What is needed =>
Exactly the lines starting at the line containing "Индивидуально настроенные светодиоды" and ending at the line containing "以 4G 为供网数据出口,通过" are to be written out from the listing below, both included.

Data records =>
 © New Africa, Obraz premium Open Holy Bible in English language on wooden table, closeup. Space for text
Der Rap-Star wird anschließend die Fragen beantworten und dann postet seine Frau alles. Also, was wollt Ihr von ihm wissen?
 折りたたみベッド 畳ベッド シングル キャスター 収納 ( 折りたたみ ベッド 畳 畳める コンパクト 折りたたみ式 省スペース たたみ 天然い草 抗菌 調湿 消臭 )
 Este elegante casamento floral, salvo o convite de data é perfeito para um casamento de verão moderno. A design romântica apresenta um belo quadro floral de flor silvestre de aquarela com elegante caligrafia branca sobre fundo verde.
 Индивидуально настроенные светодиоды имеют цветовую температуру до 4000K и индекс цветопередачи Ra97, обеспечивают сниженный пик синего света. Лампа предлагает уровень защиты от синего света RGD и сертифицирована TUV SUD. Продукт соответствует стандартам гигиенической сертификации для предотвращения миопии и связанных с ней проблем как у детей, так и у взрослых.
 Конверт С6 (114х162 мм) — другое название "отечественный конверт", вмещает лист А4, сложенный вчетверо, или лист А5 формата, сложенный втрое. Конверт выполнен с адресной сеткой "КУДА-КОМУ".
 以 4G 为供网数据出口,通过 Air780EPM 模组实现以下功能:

* * *

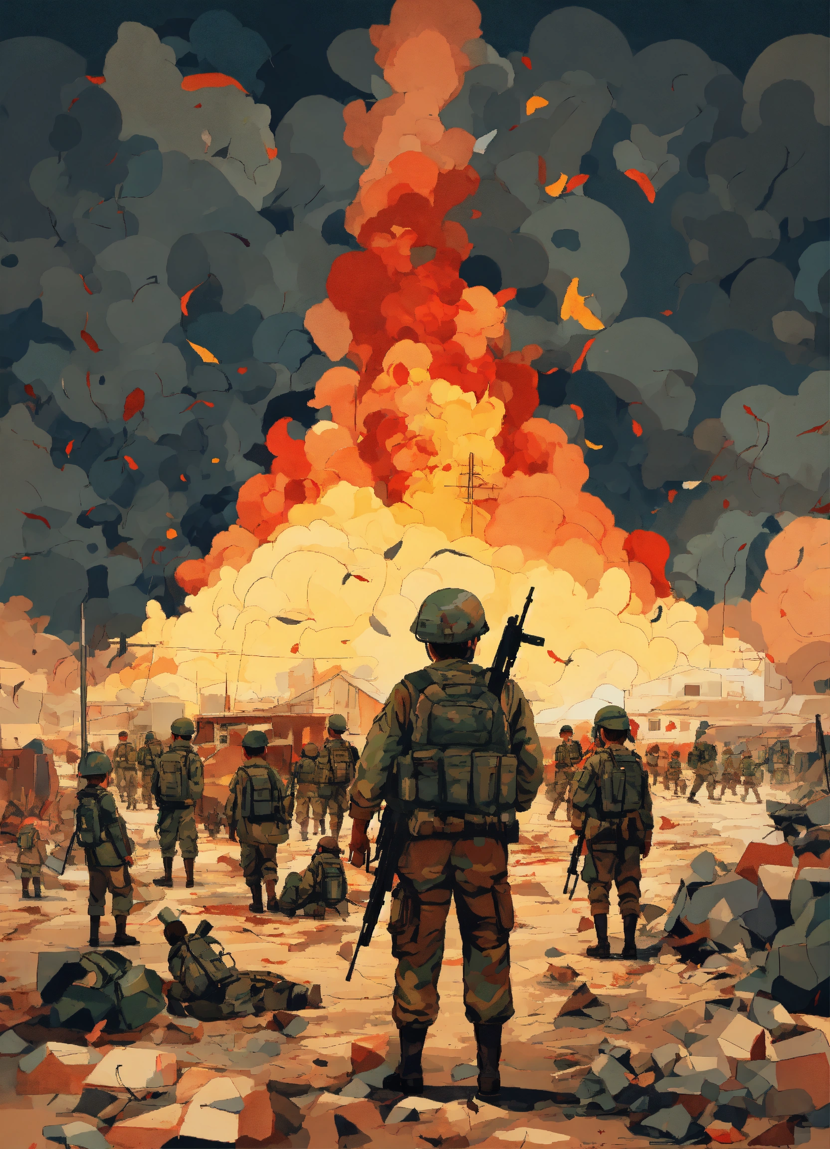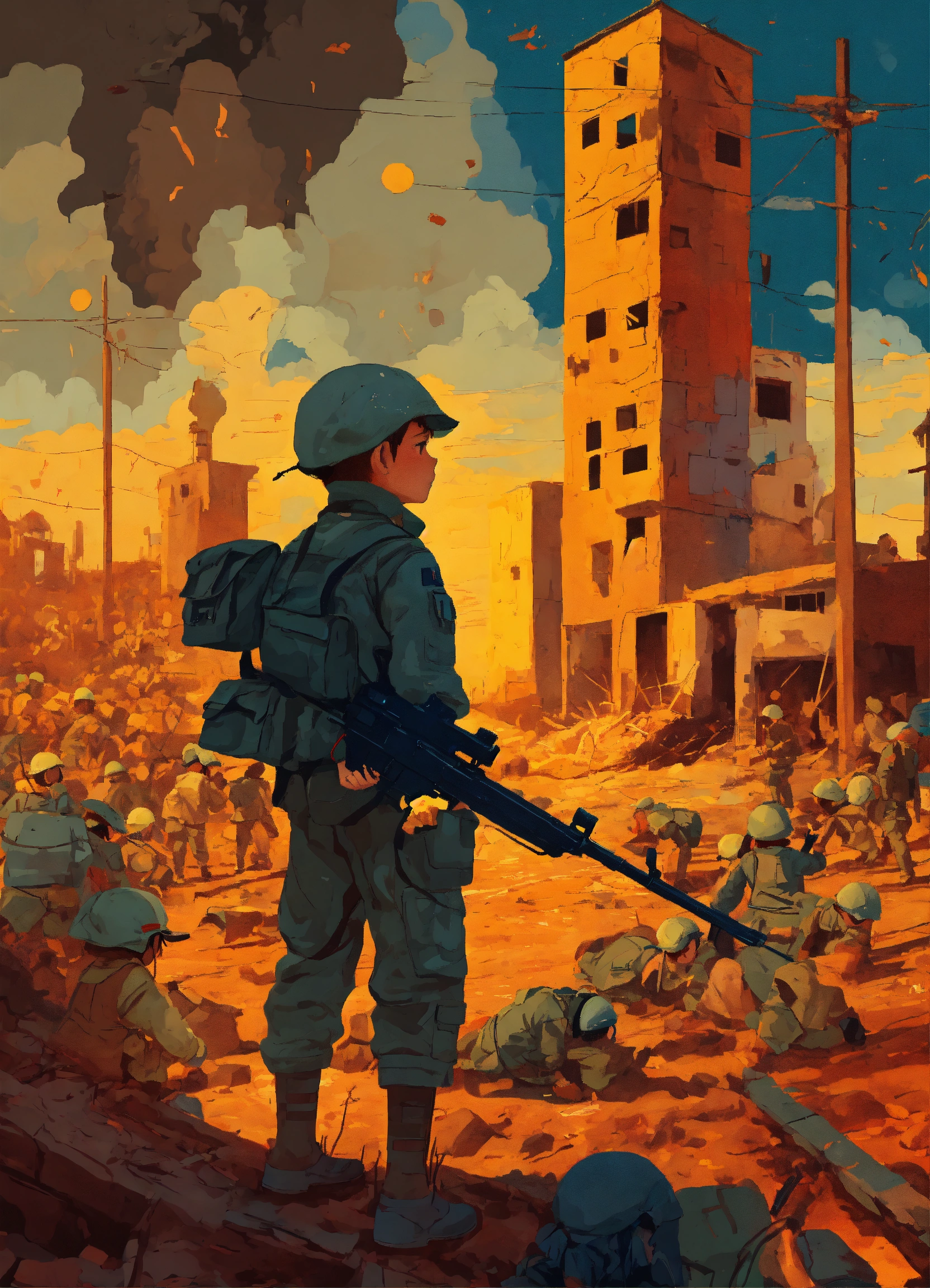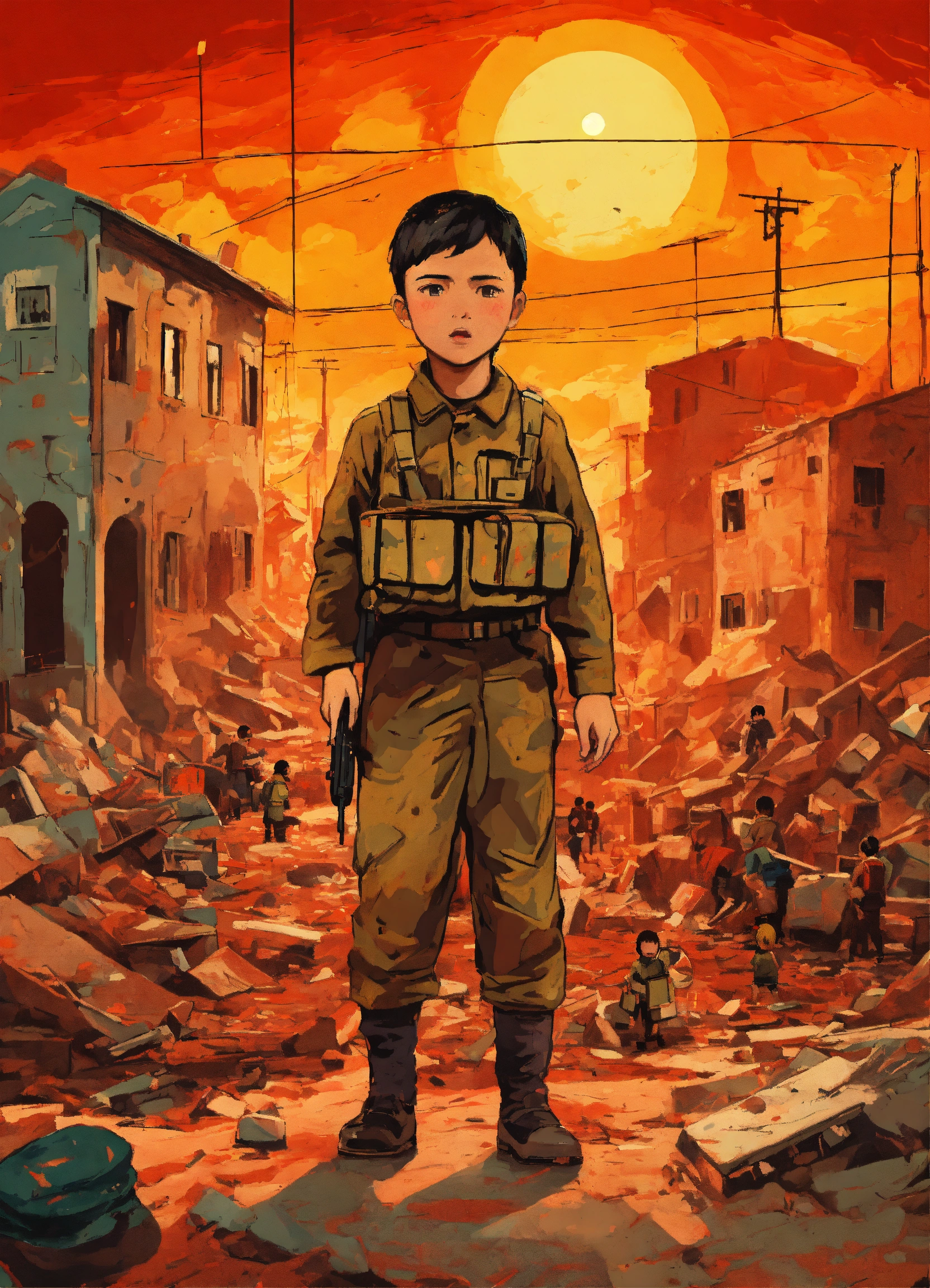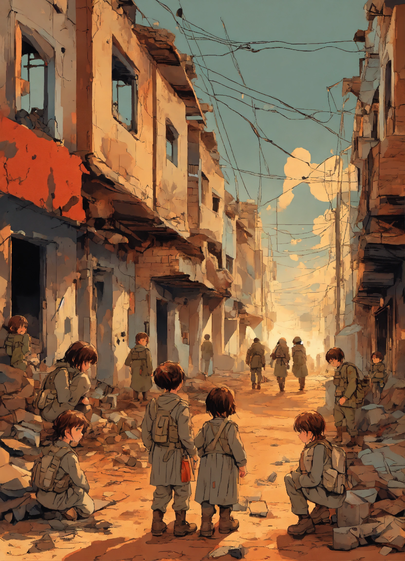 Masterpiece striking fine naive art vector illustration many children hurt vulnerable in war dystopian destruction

Result =>
 Индивидуально настроенные светодиоды имеют цветовую температуру до 4000K и индекс цветопередачи Ra97, обеспечивают сниженный пик синего света. Лампа предлагает уровень защиты от синего света RGD и сертифицирована TUV SUD. Продукт соответствует стандартам гигиенической сертификации для предотвращения миопии и связанных с ней проблем как у детей, так и у взрослых.
 Конверт С6 (114х162 мм) — другое название "отечественный конверт", вмещает лист А4, сложенный вчетверо, или лист А5 формата, сложенный втрое. Конверт выполнен с адресной сеткой "КУДА-КОМУ".
 以 4G 为供网数据出口,通过 Air780EPM 模组实现以下功能:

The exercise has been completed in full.